Dalam kondisi seperti itu, transaksi yang relatif kecil dapat memicu pergerakan kurs yang lebih besar dari biasanya.
Beberapa analis juga mencatat bahwa Jepang pernah melakukan intervensi saat pasar relatif sepi. Dengan likuiditas rendah, aksi pembelian yen bisa memberikan dampak harga yang lebih besar tanpa perlu dana sebesar biasanya.
Artinya, jika USD/JPY melonjak melewati 160 pada periode perdagangan yang tipis, kecepatan pergerakan—bukan hanya levelnya—dapat memicu respons dari Tokyo.
Salah satu penyebab struktural utama pelemahan yen adalah kesenjangan suku bunga antara Jepang dan Amerika Serikat.
Perbedaan ini mendorong strategi investasi yang dikenal sebagai carry trade: investor meminjam dana dalam yen yang berbunga rendah lalu menginvestasikannya ke aset dolar dengan imbal hasil lebih tinggi. Arus modal seperti ini cenderung melemahkan yen terhadap dolar.
Bahkan jika Bank of Japan secara bertahap menaikkan suku bunga, selisih absolutnya dengan AS masih cukup besar sehingga permintaan dolar tetap kuat.
Bank of Japan mulai menjauh dari kebijakan moneter ultra-longgar yang telah berlangsung lama. Namun, perubahan dilakukan secara hati-hati karena pemulihan ekonomi Jepang dan dinamika inflasi masih berkembang.
Karena itu, pasar memperkirakan normalisasi kebijakan yang bertahap, bukan kenaikan suku bunga agresif. Pendekatan ini membuat dukungan terhadap yen dari sisi kebijakan moneter masih terbatas dalam jangka pendek.
Faktor global juga memengaruhi nilai tukar.
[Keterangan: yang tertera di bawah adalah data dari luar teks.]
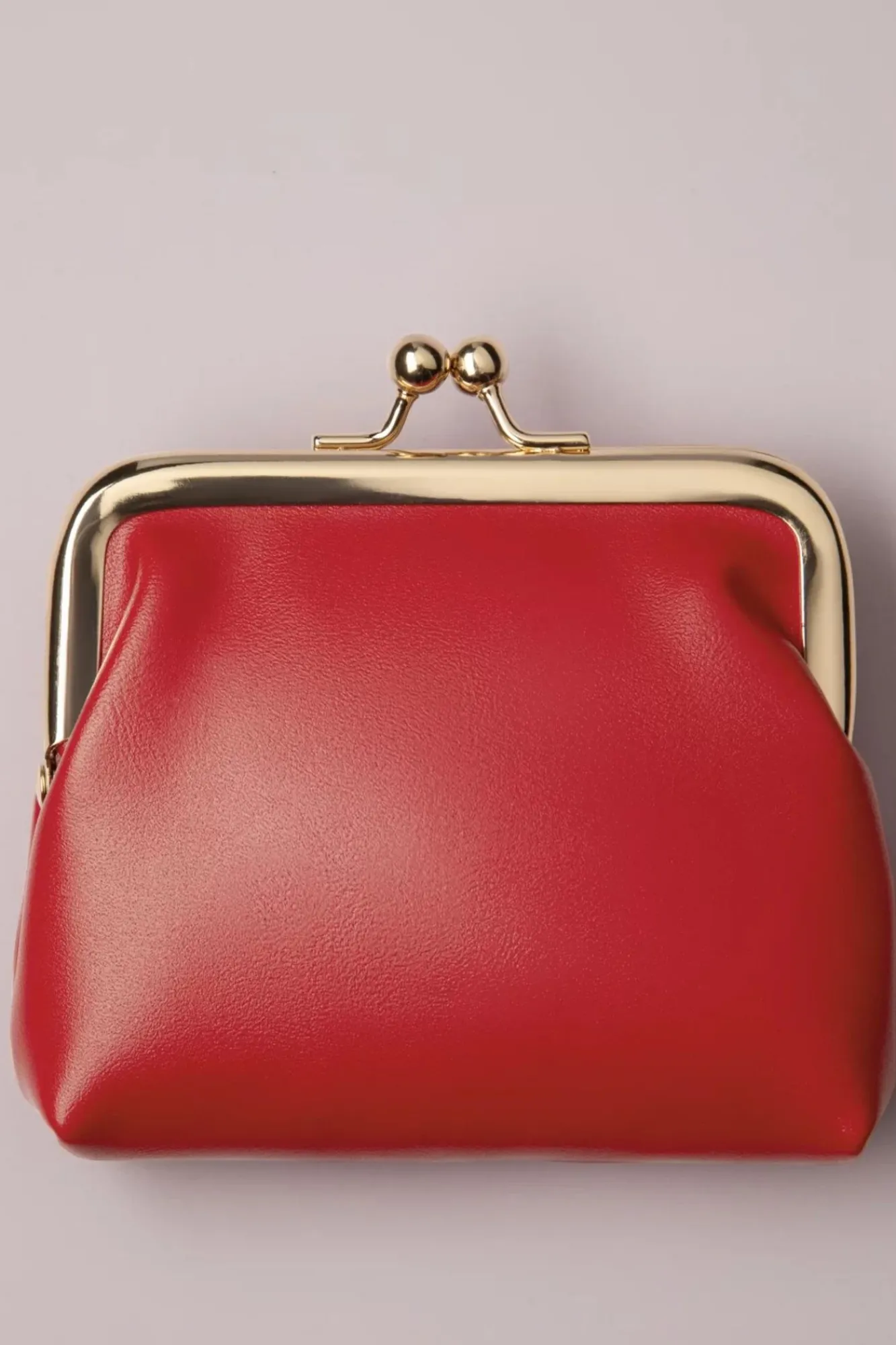 “Only Buy What You Neeeed!“ Dieses Traumhafte Portemonnaie Zum Beispiel 😉 Gefertigt Aus Lippenstiftrotem Kunstleder, Vollendet Mit Einer Schleife Und Einem Goldfarbenen Clipverschluss Für Den Wahren Vintage Look.

Ketegangan geopolitik dan kenaikan harga minyak sering kali menguatkan dolar dan menekan yen, sebagian karena Jepang merupakan importir energi besar.
Jika ketegangan global mereda atau harga minyak turun, tekanan tersebut bisa berkurang. Namun sejauh ini, faktor tersebut bukan pendorong utama dibandingkan perbedaan suku bunga dan dinamika pasar valuta asing.
Saat ini perhatian pasar tertuju pada beberapa indikator utama:
Jika yen terus melemah—terutama dalam kondisi pasar yang sepi—kombinasi tekanan politik, level psikologis, dan volatilitas bisa membuat intervensi langsung pemerintah Jepang menjadi semakin mungkin.
Untuk saat ini, zona ¥159–¥160 tetap menjadi salah satu titik paling diawasi di pasar mata uang global.